Pour commencer, bien que le Conseil d'Etat de Neuchâtel soit la seule autorité que l'on entende en ce moment sur le sujet, il n'est que justice de rappeler que la HEM de Neuchâtel -- qui est en fait formellement l'antenne neuchâteloise de la HEM de Genève -- est plus une école fédérale qu'une école cantonale: des 4,7 millions de francs de son budget, 2,5 millions viennent en effet de Berne. Cette somme, issue de l'impôt fédéral direct et de la TVA (payés par tous les citoyens suisses), est investie dans le Canton de Neuchâtel, et représente donc un apport important à sa vie culturelle -- et même économique; cette manne s'envolerait évidemment en fumée si le démantèlement de la HEM était mis à exécution.
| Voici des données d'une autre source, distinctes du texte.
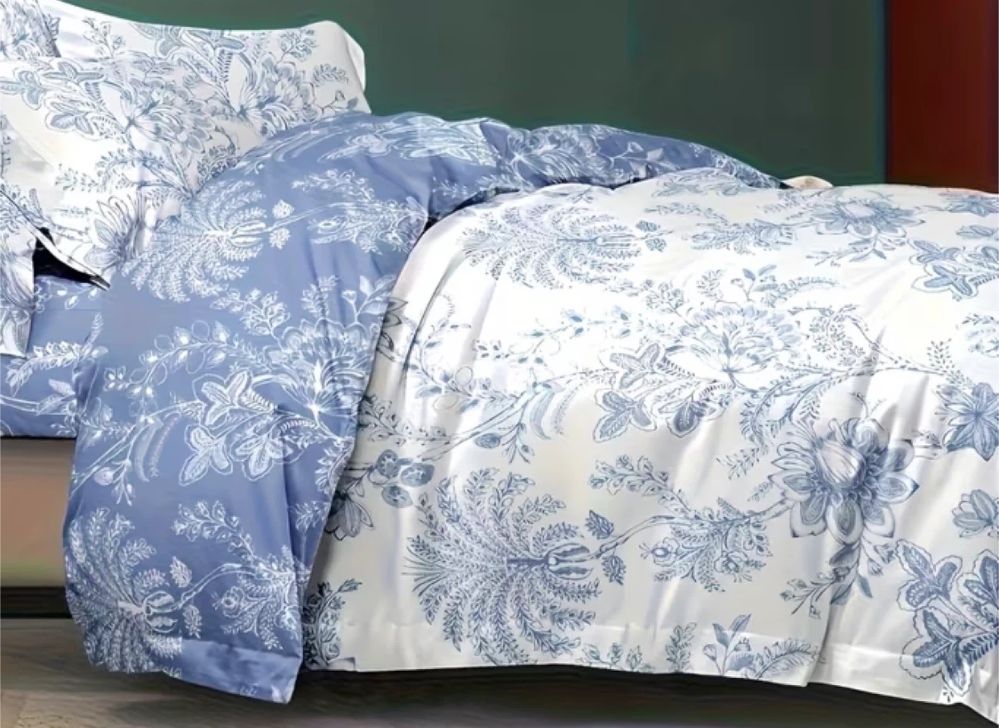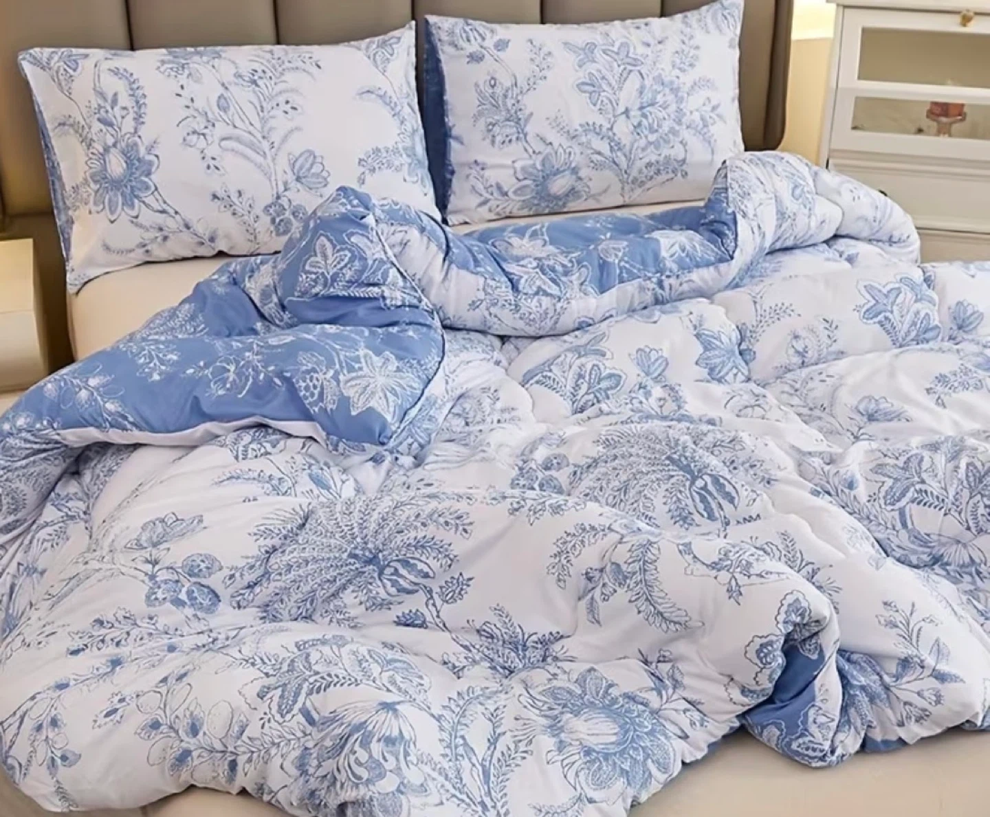 Queen setThis bedding set features a classic blue and white floral toile pattern.

D'autre part, les 2,2 millions d'économies annoncés par le Conseil d'Etat (un peu rapidement, nous y reviendrons) représentent un pour mille du train de vie du canton -- de quelque 2 milliards -- et ne seront en toute hypothèse pas d'un grand secours pour rétablir l'équilibre; dans ces conditions, la mesure semble davantage symbolique qu'autre chose, et est peut-être tout simplement destinée à montrer à tous la détermination d'un gouvernement dont la situation actuelle est plus que délicate. On rappellera par exemple qu'au printemps 2017, le peuple neuchâtelois refusait par référendum une fusion hospitalière, et décidait du maintien de deux hôpitaux complets et indépendants à Neuchâtel et à La Chaux-de-Fonds, villes distantes l'une de l'autre de 25 kilomètres seulement. Les surcoûts engendrés par un système de santé otage des rivalités entre Haut et Bas du canton sont bien sûr d'un ordre de grandeur tout autre qu'une Haute Ecole de Musique fonctionnant avec dix-huit équivalents plein temps (administration et direction incluses); mais de tout cela, évidemment, il n'a pas été soufflé mot dans les débats houleux des dernières semaines...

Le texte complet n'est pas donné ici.